*EXERCISE*
Could you repeat the entries below exactly, but only from the line with "卧室的墙面选用了国画风格的墙" through the line with "A staff member", and without any picture?

(Entries taken from a collection)
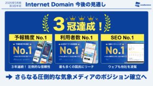 こちらは前回の決算資料にも掲載しておりますが、予報精度No.1、利用者数No.1、SEONo.1という形で主要な項目すべてに対してNo.1を取っております。
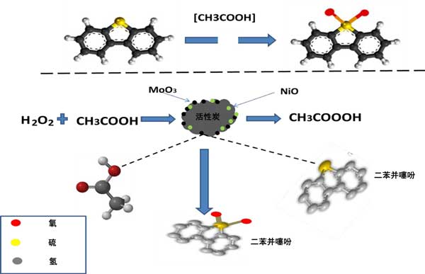 為了更好地理解H2O2/CH3COOH體系在NiO-MoO3活性炭催化劑存在下的氧化脫硫機(jī)理,假設(shè)存在NiO作為助催化劑,而MoO3作為活性相,反應(yīng)由MoO3引發(fā),涉及過(guò)氧化氫的水解裂解產(chǎn)生強(qiáng)氧化劑(活性羥基自由基(OH•),這些活性自由基攻擊乙酸產(chǎn)生過(guò)乙酸,為二苯并噻吩提供氧氣生產(chǎn)二苯并(含有S=O)并進(jìn)一步攻擊產(chǎn)生二苯并噻吩(含有O=S=O)。
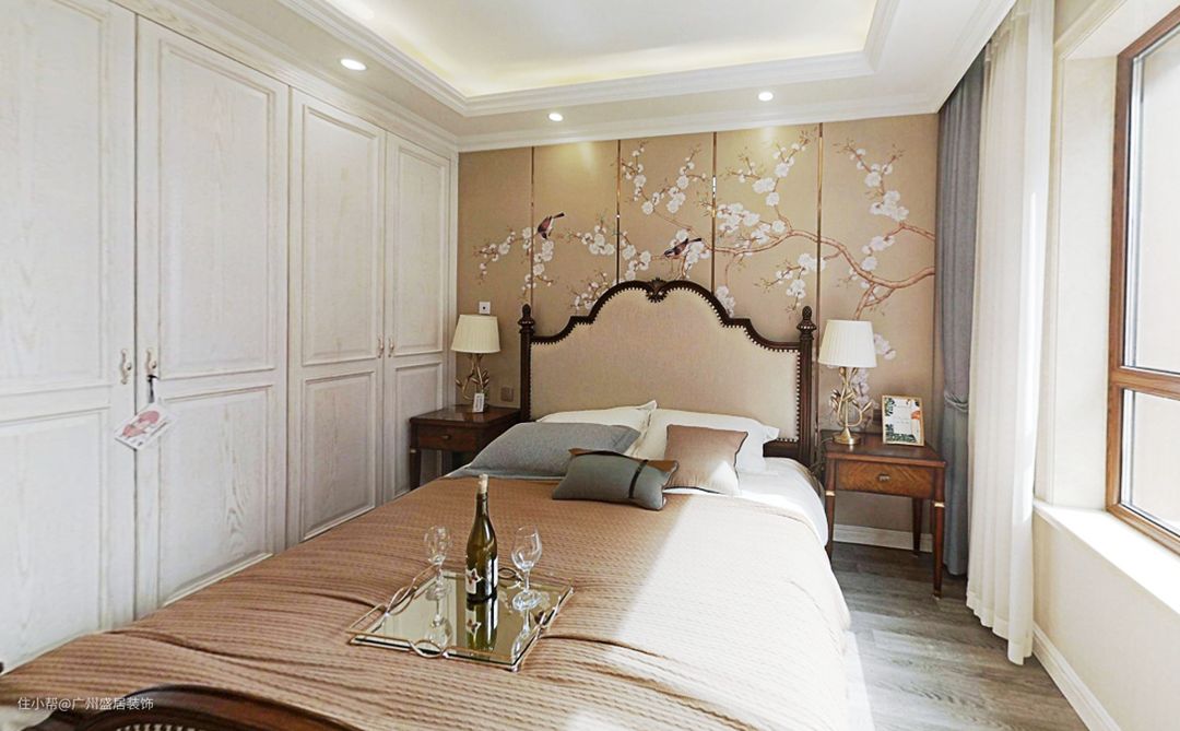卧室的墙面选用了国画风格的墙纸,床体的框架结构也是特点鲜明的南洋风,中西方文化在这个空间里不断的交融,彼此之间相辅相成,紧贴“中西合璧”的设计主题。
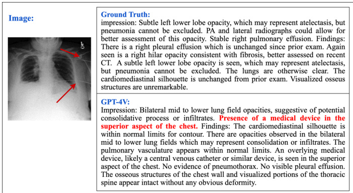 Fig. 5. An illustration of GPT-4V’s capability in generating medical reports using our designed few-shot mixed-example prompt. The ground truth does not mention a medical device but one is visibly present in the image, marked by red arrows. GPT-4V demonstrates the ability to recognize and describe the medical device in the generated report.
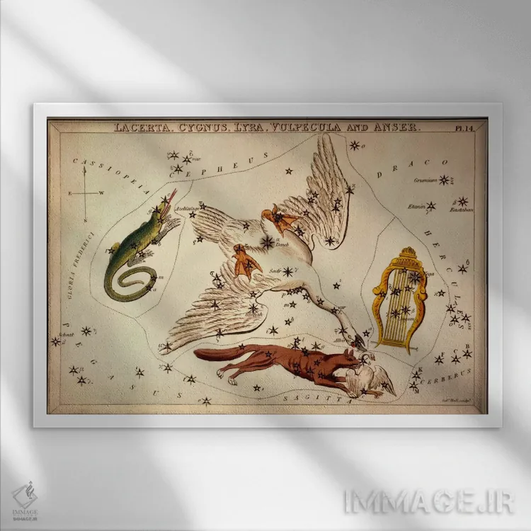 براساس پالت گرم اثر، قاب بلوط روشن (چوبی) پیشنهاد اول است و استخوانی ملایم مکمل. برای سفارشهای پروژهای با ابعاد و قابهای اختصاصی با ایماژ در تماس باشید.
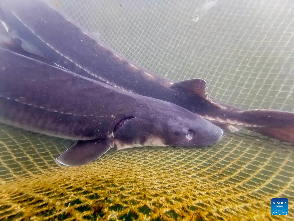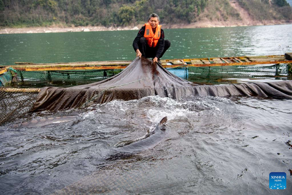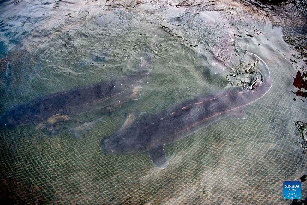 A staff member checks the growing situation of the Yangtze sturgeons at a breeding base for rare fishes in the Three Gorges Reservoir in southwest China's Chongqing, Feb. 25, 2022.
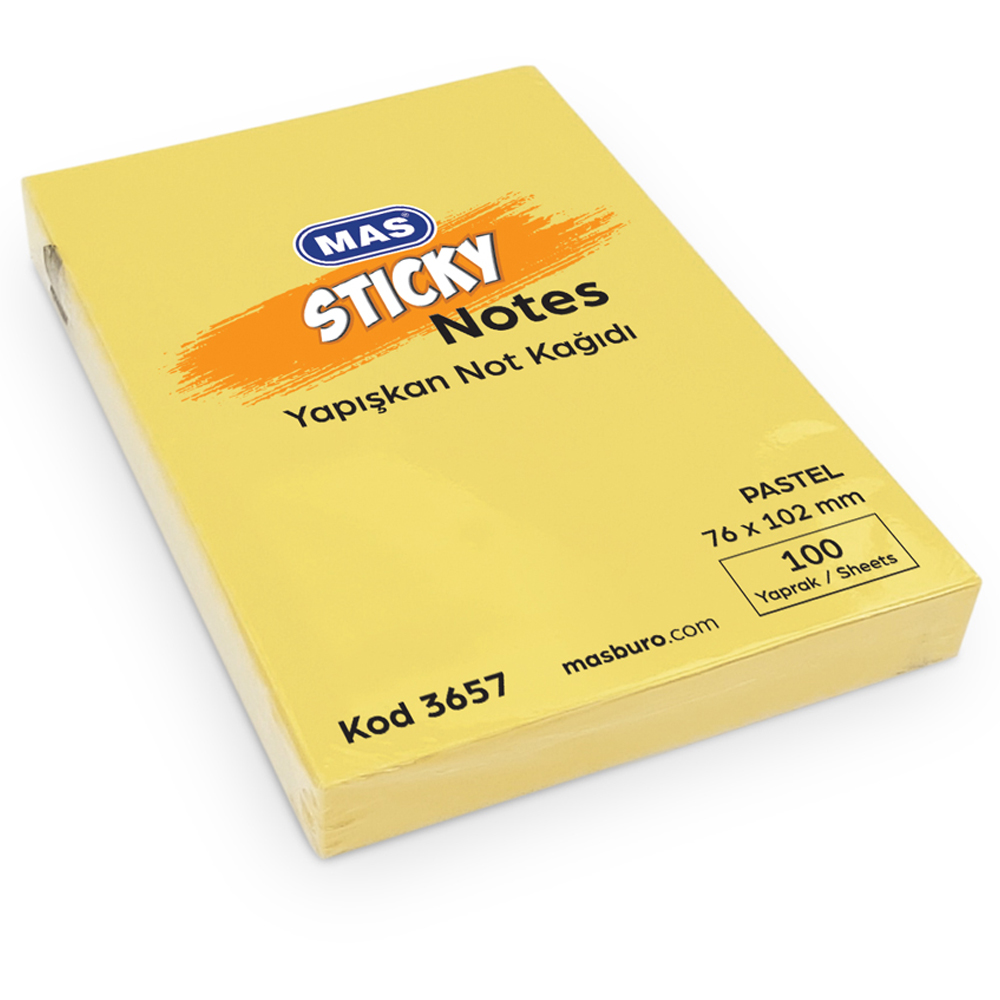 Mas Yapışkanlı Not Kağıdı 100 Syf 76x102 Pastel Sarı 3657
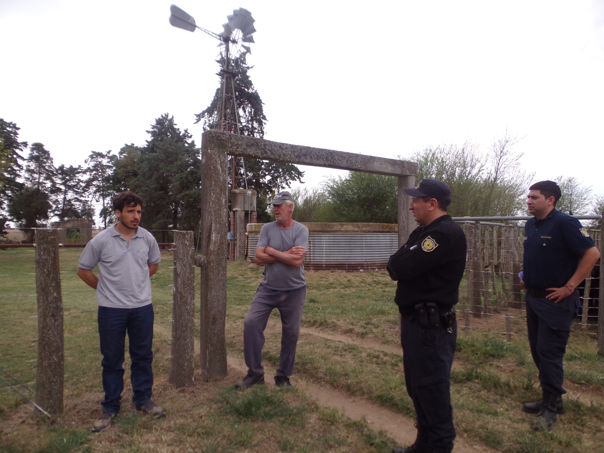 El ganadero en su camioneta y tres policías en una patrulla, entre ellos el jefe de la comisaría Jorge Teves, confluyeron esta tarde en el campo “La Casa”, situado en el Lote XIII, al norte de esta localidad, donde fueron recibidos por su propietario Sergio Javier Berger.
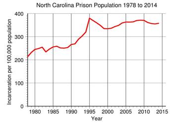 Keywords: North Carolina Prison Population.svg en North Carolina prison incarceration rate per 100 000 population from 1978 to 2014 Data from http //www bjs gov/index cfm ty nps BJS 2016-05-11 own Delphi234 other versions current annually Generated with Wikimedia SVG Chart SVG Chart/box cc-zero Prisons in North Carolina Imprisonment and detention rates in the United States |
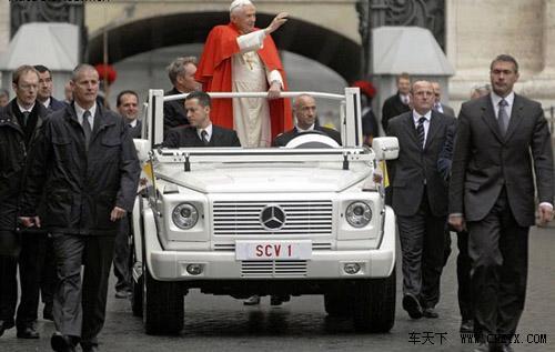 應(yīng)教皇本人的要求,奔馳公司為其專門生產(chǎn)了一輛敞篷版的白色G500教皇專用車,該車的研發(fā)過程歷時兩年。教皇將用這輛梵蒂岡專用白色敞篷車在圣彼得廣場進行慣常的周三賜見活動。

*FINISHED EXERCISE*
卧室的墙面选用了国画风格的墙纸,床体的框架结构也是特点鲜明的南洋风,中西方文化在这个空间里不断的交融,彼此之间相辅相成,紧贴“中西合璧”的设计主题。
 Fig. 5. An illustration of GPT-4V’s capability in generating medical reports using our designed few-shot mixed-example prompt. The ground truth does not mention a medical device but one is visibly present in the image, marked by red arrows. GPT-4V demonstrates the ability to recognize and describe the medical device in the generated report.
 براساس پالت گرم اثر، قاب بلوط روشن (چوبی) پیشنهاد اول است و استخوانی ملایم مکمل. برای سفارشهای پروژهای با ابعاد و قابهای اختصاصی با ایماژ در تماس باشید.
 A staff member checks the growing situation of the Yangtze sturgeons at a breeding base for rare fishes in the Three Gorges Reservoir in southwest China's Chongqing, Feb. 25, 2022.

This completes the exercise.